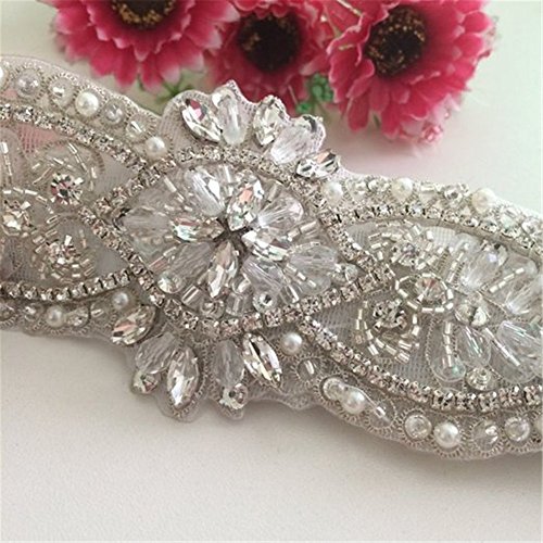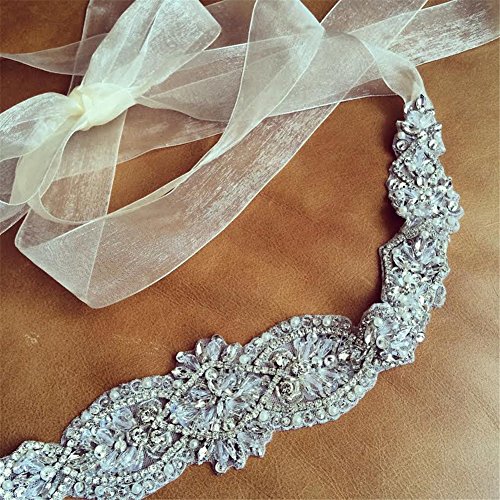 TRLYC - Fusciacca per abito da sposa, con diamanti sintetici applicati, colore trasparente, Altro, Ivory, 45.0cm x 5.5cm
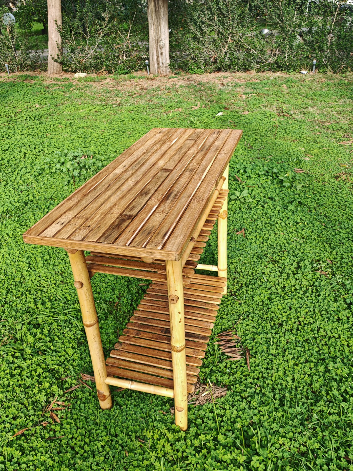 השולחן עשוי מבמבוק טאם וונג חזק ואיכותי. יכול להתאים ליד מיטת שיזוף או עם זוג כסאות מתקפלים. מידות: 41 ס"מ על 46 ס"מ גובה 32 ס"מ. *מגיע מורכב מתצוגה, עבר צביעה במצב מעולה *מתאים למקום מקורה מגשם
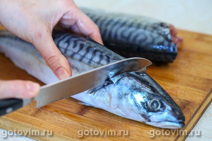 Скумбрию разморозить, отрезать головы, хвосты и плавники. Вскрыть брюшко, удалить внутренности и промыть снаружи и внутри под холодной проточной водой. Обсушить рыбу бумажными полотенцами и натереть со всех сторон солью. Уложить скумбрию в глубокую тарелку или другую посуда, в которой можно залить рыбу маринадом.
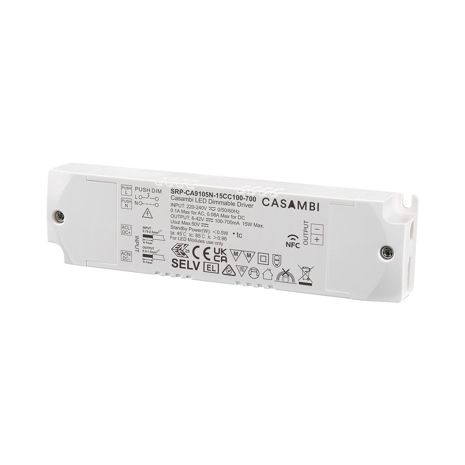 SRP-CA9105N-15CC100-700 is a plastic casing 15W Bluetooth NFC programmable LED driver, enabled by Casambi technology. It is designed with 1 channel constant current output with adjustable current from 100mA to 700mA, which enables it to be suitable for LED lights with different current. It is designed with 220-240VAC input with high Power Factor and Efficiency. It enables smooth and deep dimming to 0.01% without flickering and buzzing noise.
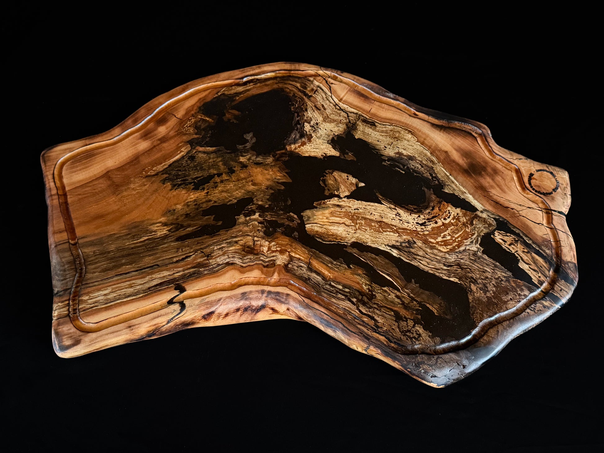 Die dunklen Adern fließen wie glühende Schatten durch das warme Apfelholz und erzeugen ein faszinierendes Spiel aus Licht und Tiefe.
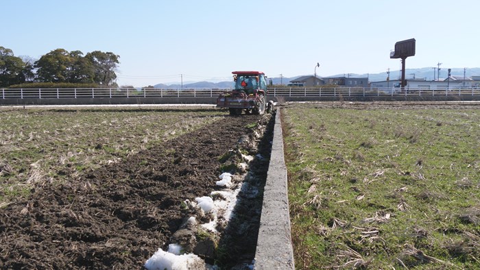 カキモチ下しと同時に残雪ある中あぜクリーン作業再開・お隣りさんも新型ブロキャスで作業再開・2025
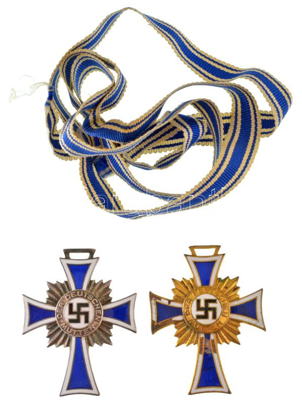 Német Harmadik Birodalom 1938. "Német Anyasági Kereszt, arany és ezüst fokozata" zománcozott, aranyozott, ezüstözött bronz kitüntetés, egyik szalaggal (2xklf) T:XF,VF arany fokozat nagyobb zománchibákkal / German Third Reich 1938. "Cross of Honour of the German Mother, 1st and 2nd class" enamelled, gilt, silver plated bronze decoration, one with ribbon (2xdiff) C:VF,XF, 1st class with larger enamel error
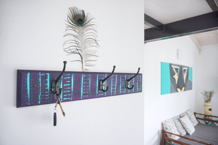 Wall in House with Scarf Hanging on Coat Rack Hooks Abstract

▶ **YOUR INSTRUCTIONS**: Among the entries above, take the line with "השולחן עשוי מבמבוק", the line with "Скумбрию разморозить, отрезать", and all the lines between them, and restate them word for word without pictures.

▶ **EXPECTED ANSWER**:
 השולחן עשוי מבמבוק טאם וונג חזק ואיכותי. יכול להתאים ליד מיטת שיזוף או עם זוג כסאות מתקפלים. מידות: 41 ס"מ על 46 ס"מ גובה 32 ס"מ. *מגיע מורכב מתצוגה, עבר צביעה במצב מעולה *מתאים למקום מקורה מגשם
 Скумбрию разморозить, отрезать головы, хвосты и плавники. Вскрыть брюшко, удалить внутренности и промыть снаружи и внутри под холодной проточной водой. Обсушить рыбу бумажными полотенцами и натереть со всех сторон солью. Уложить скумбрию в глубокую тарелку или другую посуда, в которой можно залить рыбу маринадом.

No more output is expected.